WHAT TO WORK ON -> In the records below, repeat exactly the lines between the line holding "Ivory Nylon/spandex, sequin" and the line holding "フォークロア調の切替デザイン", inclusive, and drop the pictures.

RECORDS FOR THIS EXERCISE ->
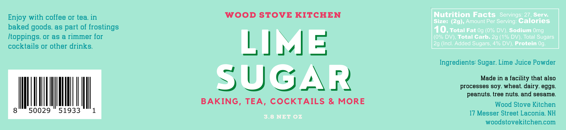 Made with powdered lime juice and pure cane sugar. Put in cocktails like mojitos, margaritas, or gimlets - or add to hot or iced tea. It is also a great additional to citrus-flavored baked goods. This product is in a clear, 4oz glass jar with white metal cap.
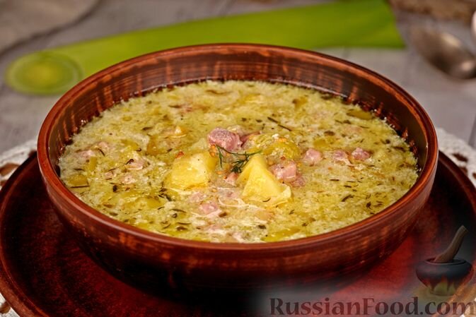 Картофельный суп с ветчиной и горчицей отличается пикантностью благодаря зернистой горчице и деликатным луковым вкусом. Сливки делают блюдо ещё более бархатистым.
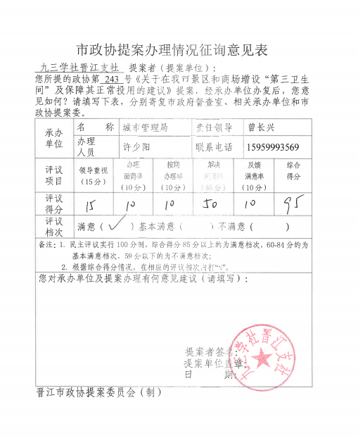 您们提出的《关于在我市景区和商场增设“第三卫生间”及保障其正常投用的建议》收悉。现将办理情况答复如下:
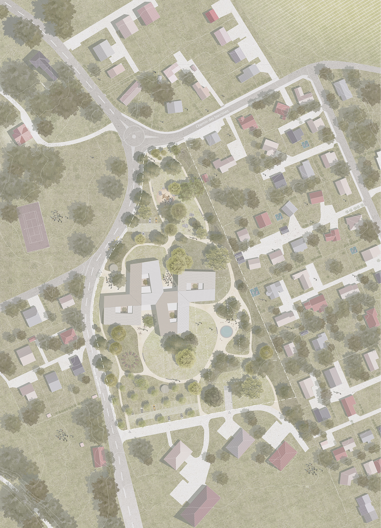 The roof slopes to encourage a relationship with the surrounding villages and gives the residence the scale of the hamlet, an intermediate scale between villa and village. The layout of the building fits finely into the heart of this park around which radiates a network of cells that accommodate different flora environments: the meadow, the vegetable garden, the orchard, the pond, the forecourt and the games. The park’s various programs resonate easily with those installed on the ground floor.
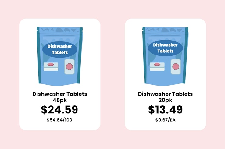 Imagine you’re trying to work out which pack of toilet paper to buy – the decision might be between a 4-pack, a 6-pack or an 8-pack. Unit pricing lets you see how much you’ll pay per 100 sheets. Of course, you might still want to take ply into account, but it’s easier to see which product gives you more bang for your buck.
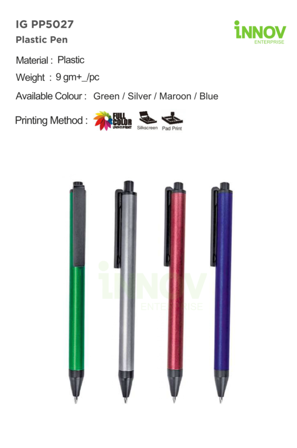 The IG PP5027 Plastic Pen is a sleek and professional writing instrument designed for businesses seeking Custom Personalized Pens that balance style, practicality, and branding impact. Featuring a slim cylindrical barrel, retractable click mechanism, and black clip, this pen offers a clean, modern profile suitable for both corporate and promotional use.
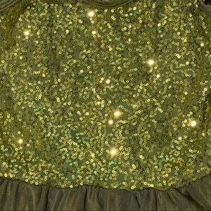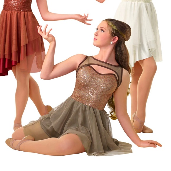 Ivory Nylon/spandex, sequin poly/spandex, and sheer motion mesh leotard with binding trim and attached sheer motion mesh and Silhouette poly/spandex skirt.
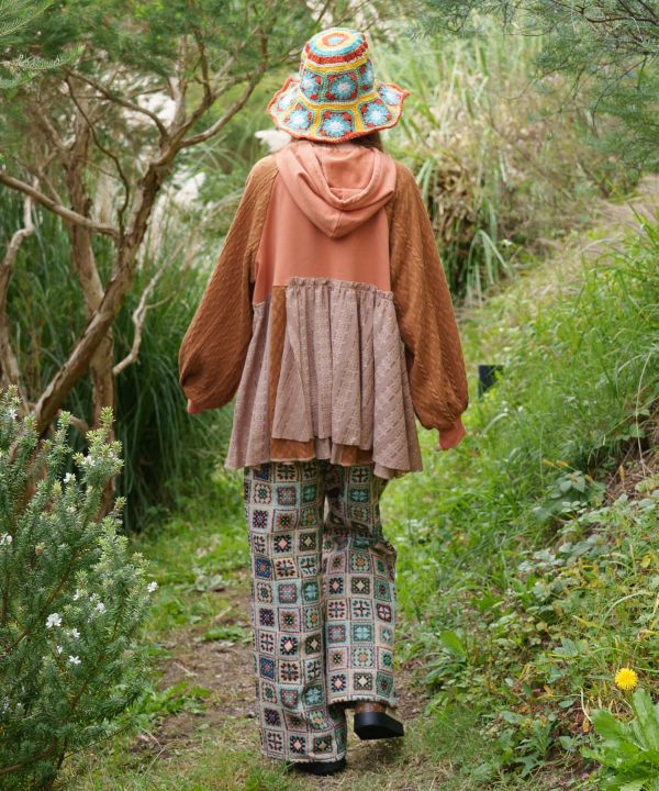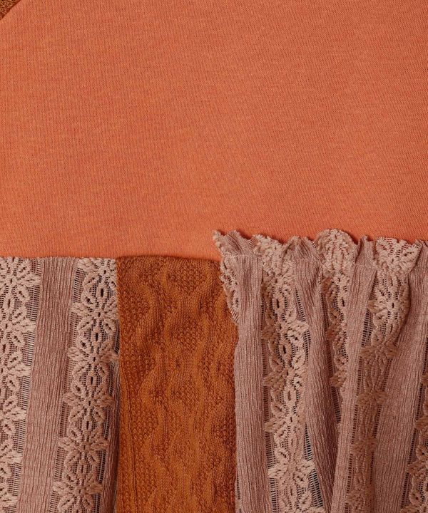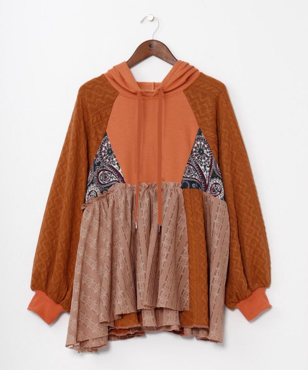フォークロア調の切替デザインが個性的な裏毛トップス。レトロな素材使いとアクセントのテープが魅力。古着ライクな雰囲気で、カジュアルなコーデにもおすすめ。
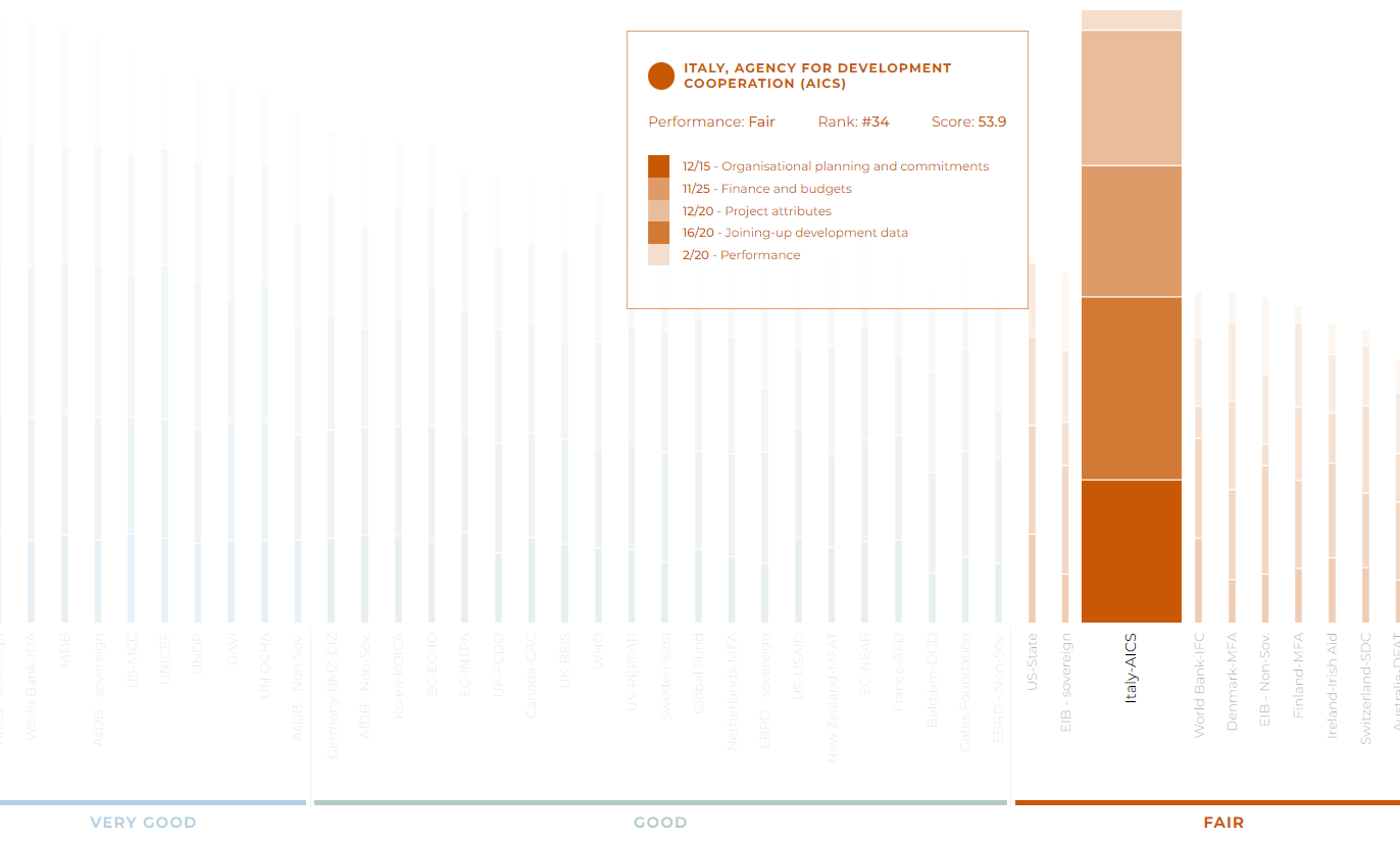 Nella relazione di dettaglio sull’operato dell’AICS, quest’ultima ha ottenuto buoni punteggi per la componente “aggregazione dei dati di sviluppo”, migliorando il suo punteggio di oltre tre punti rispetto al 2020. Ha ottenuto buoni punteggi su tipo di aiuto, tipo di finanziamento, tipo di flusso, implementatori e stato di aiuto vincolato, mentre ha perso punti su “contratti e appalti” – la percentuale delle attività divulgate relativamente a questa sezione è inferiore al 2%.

* * *

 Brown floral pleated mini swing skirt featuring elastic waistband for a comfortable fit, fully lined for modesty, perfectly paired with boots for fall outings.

COMPLETED TASK ->
 Ivory Nylon/spandex, sequin poly/spandex, and sheer motion mesh leotard with binding trim and attached sheer motion mesh and Silhouette poly/spandex skirt.
フォークロア調の切替デザインが個性的な裏毛トップス。レトロな素材使いとアクセントのテープが魅力。古着ライクな雰囲気で、カジュアルなコーデにもおすすめ。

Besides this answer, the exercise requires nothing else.